__RECORD SET__.
____________________

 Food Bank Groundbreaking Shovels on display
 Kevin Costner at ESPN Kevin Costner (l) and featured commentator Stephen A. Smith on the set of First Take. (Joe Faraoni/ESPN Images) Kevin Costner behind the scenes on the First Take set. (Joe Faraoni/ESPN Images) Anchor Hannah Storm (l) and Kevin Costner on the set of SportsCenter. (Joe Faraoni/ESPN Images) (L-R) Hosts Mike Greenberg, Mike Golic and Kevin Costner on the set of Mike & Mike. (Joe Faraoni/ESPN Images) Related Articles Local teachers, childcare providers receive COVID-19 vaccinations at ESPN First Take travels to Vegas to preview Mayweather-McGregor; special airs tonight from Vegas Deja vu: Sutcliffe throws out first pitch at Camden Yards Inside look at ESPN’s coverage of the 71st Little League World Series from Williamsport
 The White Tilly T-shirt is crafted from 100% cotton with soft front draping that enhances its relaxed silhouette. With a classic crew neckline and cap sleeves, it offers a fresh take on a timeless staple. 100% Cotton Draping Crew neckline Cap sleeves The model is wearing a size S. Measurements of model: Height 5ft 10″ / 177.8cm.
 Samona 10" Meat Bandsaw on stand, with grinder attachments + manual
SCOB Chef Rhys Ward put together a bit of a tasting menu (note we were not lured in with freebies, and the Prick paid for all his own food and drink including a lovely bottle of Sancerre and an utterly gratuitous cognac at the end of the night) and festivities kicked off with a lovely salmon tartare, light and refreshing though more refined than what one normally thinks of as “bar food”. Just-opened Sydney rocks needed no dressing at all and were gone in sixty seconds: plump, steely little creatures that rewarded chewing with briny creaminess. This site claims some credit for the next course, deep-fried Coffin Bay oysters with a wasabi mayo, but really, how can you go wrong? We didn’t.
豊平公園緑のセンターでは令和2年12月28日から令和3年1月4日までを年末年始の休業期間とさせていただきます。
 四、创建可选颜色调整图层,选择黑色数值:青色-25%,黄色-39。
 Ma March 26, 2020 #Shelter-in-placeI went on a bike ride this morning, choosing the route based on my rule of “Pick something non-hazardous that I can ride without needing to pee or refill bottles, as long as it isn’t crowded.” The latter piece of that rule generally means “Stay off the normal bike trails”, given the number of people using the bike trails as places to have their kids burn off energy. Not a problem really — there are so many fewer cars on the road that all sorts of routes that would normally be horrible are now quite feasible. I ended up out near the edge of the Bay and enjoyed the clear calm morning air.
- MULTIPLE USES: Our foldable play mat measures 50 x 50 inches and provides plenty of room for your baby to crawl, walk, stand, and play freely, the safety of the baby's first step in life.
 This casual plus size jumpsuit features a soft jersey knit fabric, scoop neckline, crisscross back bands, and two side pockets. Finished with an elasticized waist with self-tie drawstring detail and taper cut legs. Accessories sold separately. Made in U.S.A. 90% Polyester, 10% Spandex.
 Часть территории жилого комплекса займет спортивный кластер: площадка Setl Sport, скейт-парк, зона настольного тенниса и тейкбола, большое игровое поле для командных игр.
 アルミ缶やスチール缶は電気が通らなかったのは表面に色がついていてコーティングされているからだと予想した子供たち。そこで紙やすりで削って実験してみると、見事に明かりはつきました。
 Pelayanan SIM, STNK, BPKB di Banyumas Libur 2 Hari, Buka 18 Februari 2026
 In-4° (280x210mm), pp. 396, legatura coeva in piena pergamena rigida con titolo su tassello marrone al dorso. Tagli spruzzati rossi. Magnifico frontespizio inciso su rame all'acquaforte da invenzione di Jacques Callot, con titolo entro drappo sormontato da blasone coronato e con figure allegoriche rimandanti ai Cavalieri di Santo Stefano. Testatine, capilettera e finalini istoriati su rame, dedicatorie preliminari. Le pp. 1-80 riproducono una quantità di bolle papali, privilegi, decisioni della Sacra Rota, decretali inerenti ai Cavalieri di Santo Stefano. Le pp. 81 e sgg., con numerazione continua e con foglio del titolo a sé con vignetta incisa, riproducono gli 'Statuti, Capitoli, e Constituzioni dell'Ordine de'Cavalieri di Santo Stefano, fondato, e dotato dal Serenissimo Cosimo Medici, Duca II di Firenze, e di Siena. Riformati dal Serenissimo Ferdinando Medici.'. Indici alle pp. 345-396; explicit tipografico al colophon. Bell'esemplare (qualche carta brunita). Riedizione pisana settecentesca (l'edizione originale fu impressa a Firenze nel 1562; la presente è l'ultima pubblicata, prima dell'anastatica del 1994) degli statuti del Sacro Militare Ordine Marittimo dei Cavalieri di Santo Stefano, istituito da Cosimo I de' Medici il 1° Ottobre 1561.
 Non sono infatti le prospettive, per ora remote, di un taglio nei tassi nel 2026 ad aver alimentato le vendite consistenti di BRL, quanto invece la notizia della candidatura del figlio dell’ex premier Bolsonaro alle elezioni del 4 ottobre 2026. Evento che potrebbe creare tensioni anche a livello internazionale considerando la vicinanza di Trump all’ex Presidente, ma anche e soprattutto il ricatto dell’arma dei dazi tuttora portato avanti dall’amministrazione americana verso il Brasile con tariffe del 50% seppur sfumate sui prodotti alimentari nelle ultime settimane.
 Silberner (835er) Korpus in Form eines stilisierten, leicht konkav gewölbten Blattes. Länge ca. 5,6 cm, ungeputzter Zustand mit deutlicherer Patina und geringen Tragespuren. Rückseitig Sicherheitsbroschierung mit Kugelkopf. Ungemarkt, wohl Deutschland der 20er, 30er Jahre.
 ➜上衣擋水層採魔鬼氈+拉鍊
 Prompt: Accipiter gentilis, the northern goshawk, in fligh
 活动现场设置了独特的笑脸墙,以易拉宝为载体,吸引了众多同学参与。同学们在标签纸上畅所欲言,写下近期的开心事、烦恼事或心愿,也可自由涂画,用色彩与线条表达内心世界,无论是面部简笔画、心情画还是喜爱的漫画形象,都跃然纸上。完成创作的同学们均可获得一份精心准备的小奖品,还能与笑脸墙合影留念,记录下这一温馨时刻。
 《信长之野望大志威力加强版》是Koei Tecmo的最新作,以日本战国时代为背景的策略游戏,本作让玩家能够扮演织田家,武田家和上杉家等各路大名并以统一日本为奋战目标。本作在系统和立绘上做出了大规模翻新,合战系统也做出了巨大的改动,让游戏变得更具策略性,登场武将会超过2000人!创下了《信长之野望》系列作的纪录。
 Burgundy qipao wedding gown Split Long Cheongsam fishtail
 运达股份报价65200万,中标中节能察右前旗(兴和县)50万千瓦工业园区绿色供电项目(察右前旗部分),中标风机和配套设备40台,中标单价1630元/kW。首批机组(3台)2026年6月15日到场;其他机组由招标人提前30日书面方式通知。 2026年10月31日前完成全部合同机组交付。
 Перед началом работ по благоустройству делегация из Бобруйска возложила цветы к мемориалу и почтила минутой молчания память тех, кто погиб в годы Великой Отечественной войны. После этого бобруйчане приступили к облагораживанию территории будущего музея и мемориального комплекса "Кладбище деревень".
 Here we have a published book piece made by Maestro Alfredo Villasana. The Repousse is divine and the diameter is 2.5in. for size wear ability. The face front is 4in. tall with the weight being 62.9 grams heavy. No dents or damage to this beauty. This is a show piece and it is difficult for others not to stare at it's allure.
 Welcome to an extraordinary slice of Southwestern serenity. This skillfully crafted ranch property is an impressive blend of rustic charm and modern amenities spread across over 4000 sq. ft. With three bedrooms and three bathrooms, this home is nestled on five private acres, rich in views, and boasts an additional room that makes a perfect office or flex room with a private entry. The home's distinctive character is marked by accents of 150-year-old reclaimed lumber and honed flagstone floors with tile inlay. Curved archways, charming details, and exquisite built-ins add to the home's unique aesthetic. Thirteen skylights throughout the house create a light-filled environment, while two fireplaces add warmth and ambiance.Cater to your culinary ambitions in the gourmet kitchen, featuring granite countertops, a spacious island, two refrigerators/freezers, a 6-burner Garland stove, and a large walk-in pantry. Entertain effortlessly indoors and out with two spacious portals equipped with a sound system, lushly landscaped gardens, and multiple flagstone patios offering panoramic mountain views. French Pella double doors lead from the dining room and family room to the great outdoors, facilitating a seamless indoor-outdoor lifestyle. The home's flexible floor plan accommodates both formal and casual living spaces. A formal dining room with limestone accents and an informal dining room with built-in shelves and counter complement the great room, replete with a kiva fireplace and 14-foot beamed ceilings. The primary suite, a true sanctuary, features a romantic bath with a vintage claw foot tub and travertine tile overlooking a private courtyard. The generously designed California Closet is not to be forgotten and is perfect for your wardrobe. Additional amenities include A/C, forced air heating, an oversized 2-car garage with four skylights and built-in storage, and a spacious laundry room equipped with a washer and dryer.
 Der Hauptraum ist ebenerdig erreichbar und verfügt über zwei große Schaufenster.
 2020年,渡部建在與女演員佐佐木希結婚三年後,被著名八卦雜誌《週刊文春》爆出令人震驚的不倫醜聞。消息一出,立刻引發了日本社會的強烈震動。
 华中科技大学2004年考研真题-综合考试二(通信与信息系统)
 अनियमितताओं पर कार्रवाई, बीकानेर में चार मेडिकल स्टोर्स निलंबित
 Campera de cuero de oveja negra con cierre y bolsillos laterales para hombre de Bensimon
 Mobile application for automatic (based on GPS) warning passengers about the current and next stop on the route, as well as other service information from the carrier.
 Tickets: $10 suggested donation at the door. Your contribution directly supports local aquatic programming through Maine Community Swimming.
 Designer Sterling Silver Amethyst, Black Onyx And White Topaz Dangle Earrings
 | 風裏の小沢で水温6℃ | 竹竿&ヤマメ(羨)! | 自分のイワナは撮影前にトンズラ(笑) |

____________________

__TASK OBJECTIVE__.
Up to and including the line that holds "The White Tilly", reproduce the records above exactly from their first line, and give nothing else.

__EXERCISE OUTPUT__.
 Food Bank Groundbreaking Shovels on display
 Kevin Costner at ESPN Kevin Costner (l) and featured commentator Stephen A. Smith on the set of First Take. (Joe Faraoni/ESPN Images) Kevin Costner behind the scenes on the First Take set. (Joe Faraoni/ESPN Images) Anchor Hannah Storm (l) and Kevin Costner on the set of SportsCenter. (Joe Faraoni/ESPN Images) (L-R) Hosts Mike Greenberg, Mike Golic and Kevin Costner on the set of Mike & Mike. (Joe Faraoni/ESPN Images) Related Articles Local teachers, childcare providers receive COVID-19 vaccinations at ESPN First Take travels to Vegas to preview Mayweather-McGregor; special airs tonight from Vegas Deja vu: Sutcliffe throws out first pitch at Camden Yards Inside look at ESPN’s coverage of the 71st Little League World Series from Williamsport
 The White Tilly T-shirt is crafted from 100% cotton with soft front draping that enhances its relaxed silhouette. With a classic crew neckline and cap sleeves, it offers a fresh take on a timeless staple. 100% Cotton Draping Crew neckline Cap sleeves The model is wearing a size S. Measurements of model: Height 5ft 10″ / 177.8cm.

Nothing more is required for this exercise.